(Beginning of EXERCISE DATA)

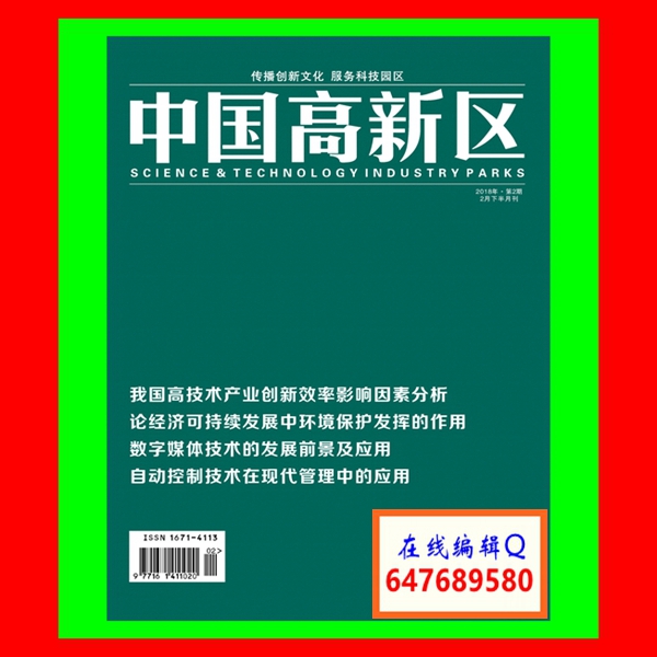 《中国高新区》杂志严格遵循严谨、唯实、优质的方针,力求体现高层次跨学科开放性三大特色,是中国期刊网、中国知网(CNKI)、中国数字化期刊群(万方数据)、中文科技期刊数据库、中国学术期刊(光盘版)全文收录期刊,中国学术期刊综合评价数据库来源期刊。杂志主要围绕全面贯彻新时代中国特色社会主义思想、落实科学发展观,致力于交流社会科学及其与自然科学交叉领域的学术研究成果、理论方法探讨以及实践经验总结,为广大学术研究者提供交流与学习的平台。更好地推动学术交流为促进科技创新、经济繁荣、社会和谐服务。
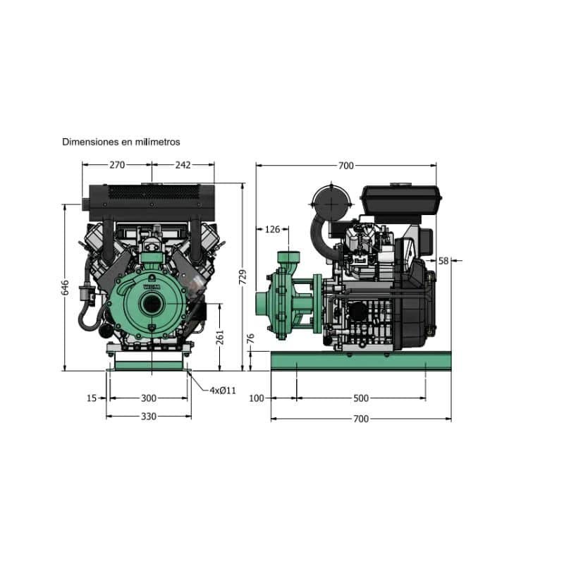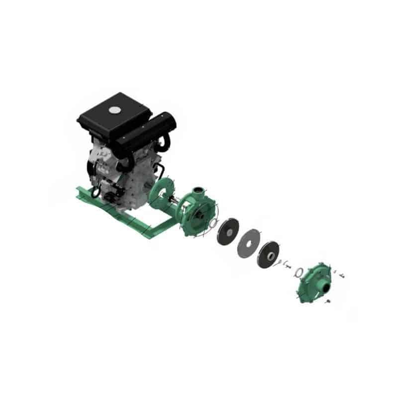 Bomba de alta presión marca Barnes accionada por motor diésel de 27 Hp. Alcanza un flujo hidráulico de 50 GPM a una presión de 110 MCA con cuerpo de hierro fundido. Potente y robusta para labores de emergencia y riego agrícola.
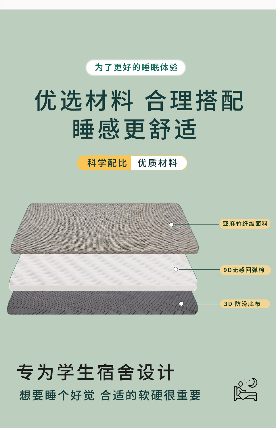 맞춤형 도매 두꺼운 기숙사 이층 침대 싱글 대나무 접이식 섬유 린넨 스폰지 5cm 학생 매트리스스토어 가기
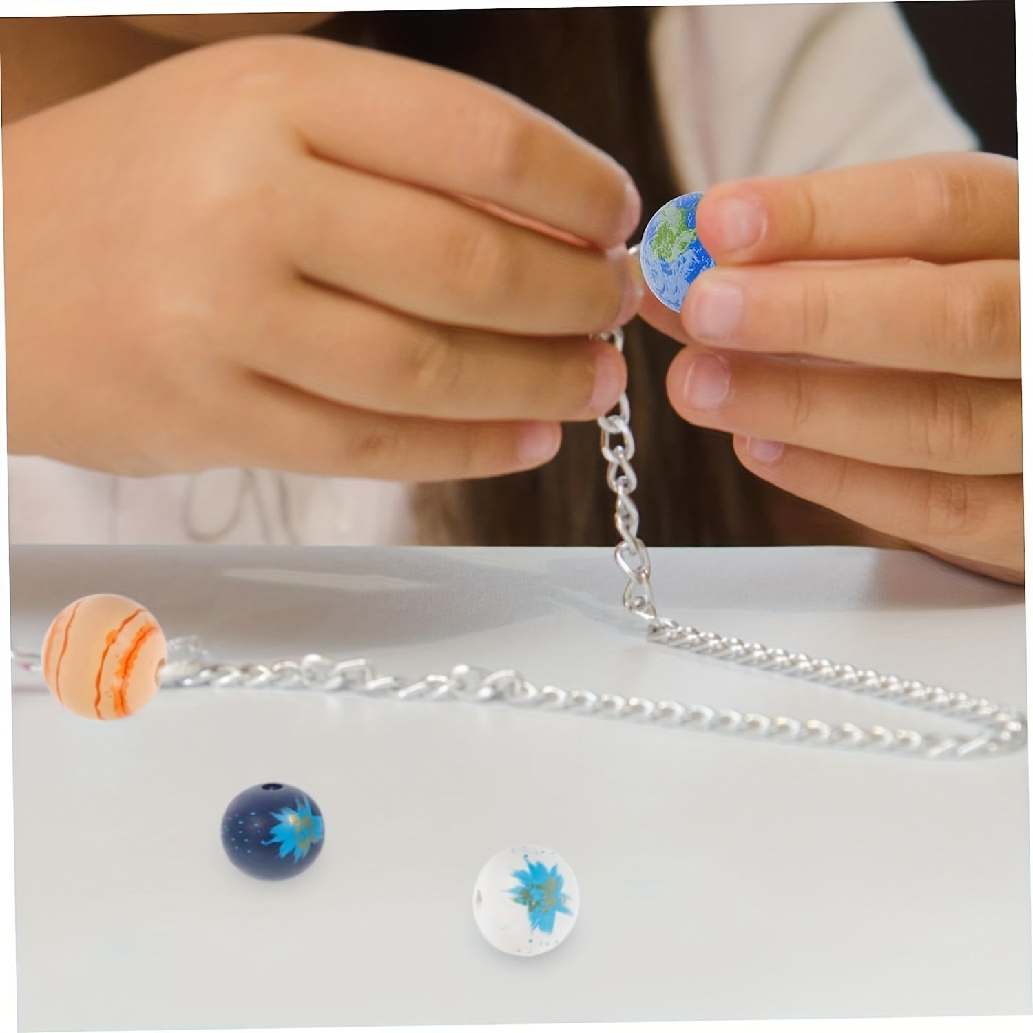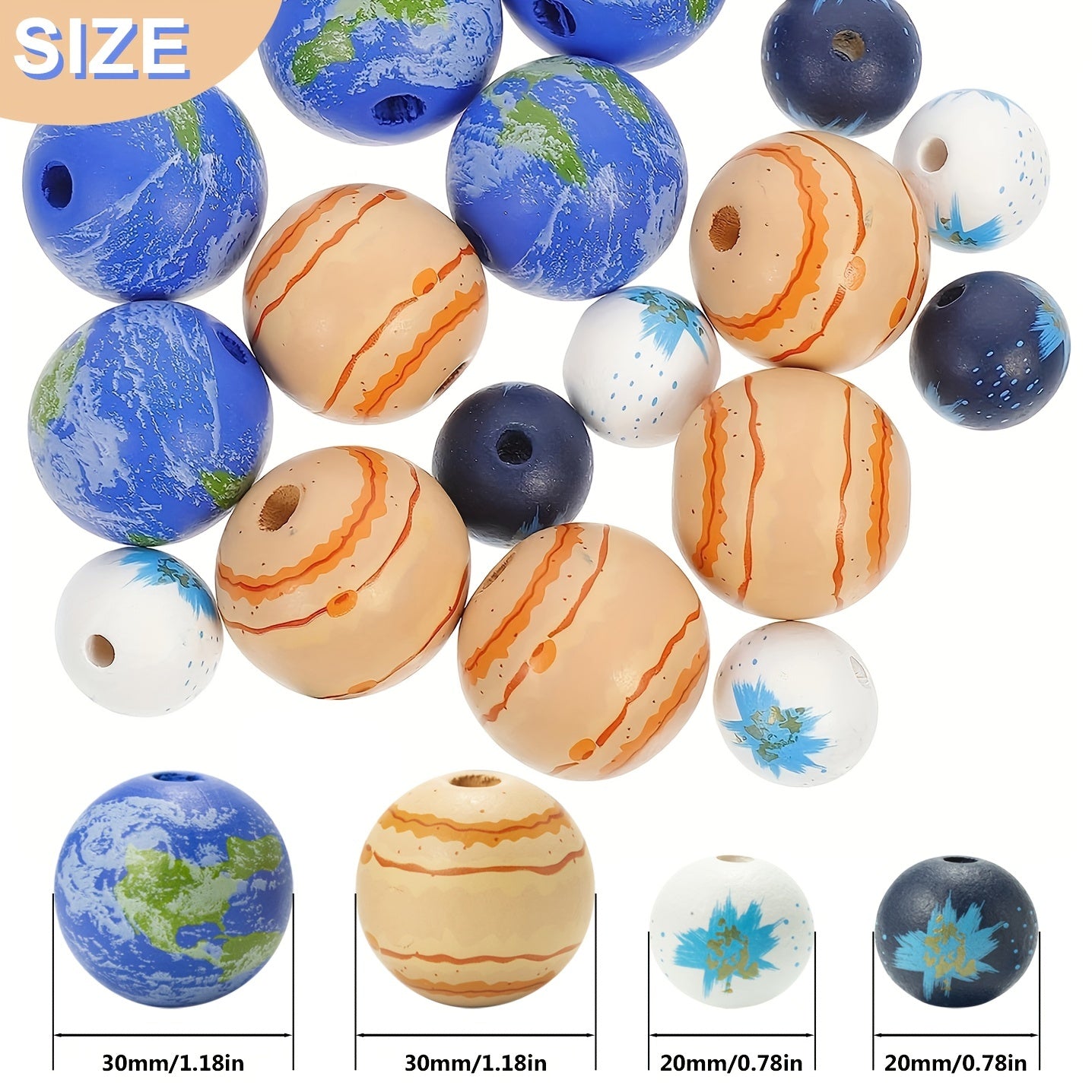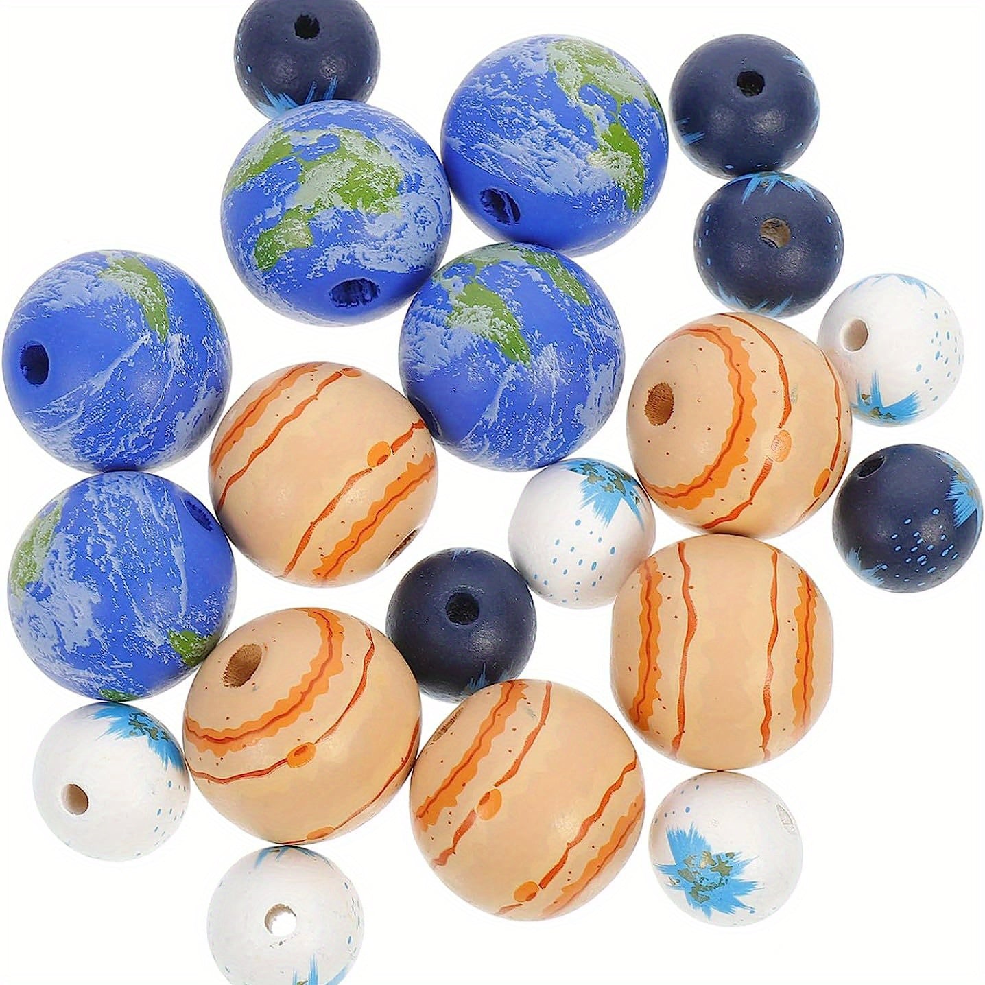 Enhance your jewelry making with this set of 20 planet pattern wooden beads. Perfect for creating unique earrings, bracelets, necklaces, and other accessories.
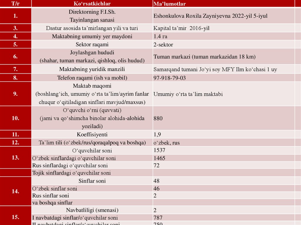 1. O‘zbekiston Respublikasi Xalq ta’lim vazirligi Samarqand viloyati xalq ta’lim boshqarmasi Samarqand tumani Maktabgacha va

(End of EXERCISE DATA)

## WHAT YOU WILL DO
Please print the data above once more, exactly and without images.

## ANSWER SECTION
 《中国高新区》杂志严格遵循严谨、唯实、优质的方针,力求体现高层次跨学科开放性三大特色,是中国期刊网、中国知网(CNKI)、中国数字化期刊群(万方数据)、中文科技期刊数据库、中国学术期刊(光盘版)全文收录期刊,中国学术期刊综合评价数据库来源期刊。杂志主要围绕全面贯彻新时代中国特色社会主义思想、落实科学发展观,致力于交流社会科学及其与自然科学交叉领域的学术研究成果、理论方法探讨以及实践经验总结,为广大学术研究者提供交流与学习的平台。更好地推动学术交流为促进科技创新、经济繁荣、社会和谐服务。
 Bomba de alta presión marca Barnes accionada por motor diésel de 27 Hp. Alcanza un flujo hidráulico de 50 GPM a una presión de 110 MCA con cuerpo de hierro fundido. Potente y robusta para labores de emergencia y riego agrícola.
 맞춤형 도매 두꺼운 기숙사 이층 침대 싱글 대나무 접이식 섬유 린넨 스폰지 5cm 학생 매트리스스토어 가기
 Enhance your jewelry making with this set of 20 planet pattern wooden beads. Perfect for creating unique earrings, bracelets, necklaces, and other accessories.
 1. O‘zbekiston Respublikasi Xalq ta’lim vazirligi Samarqand viloyati xalq ta’lim boshqarmasi Samarqand tumani Maktabgacha va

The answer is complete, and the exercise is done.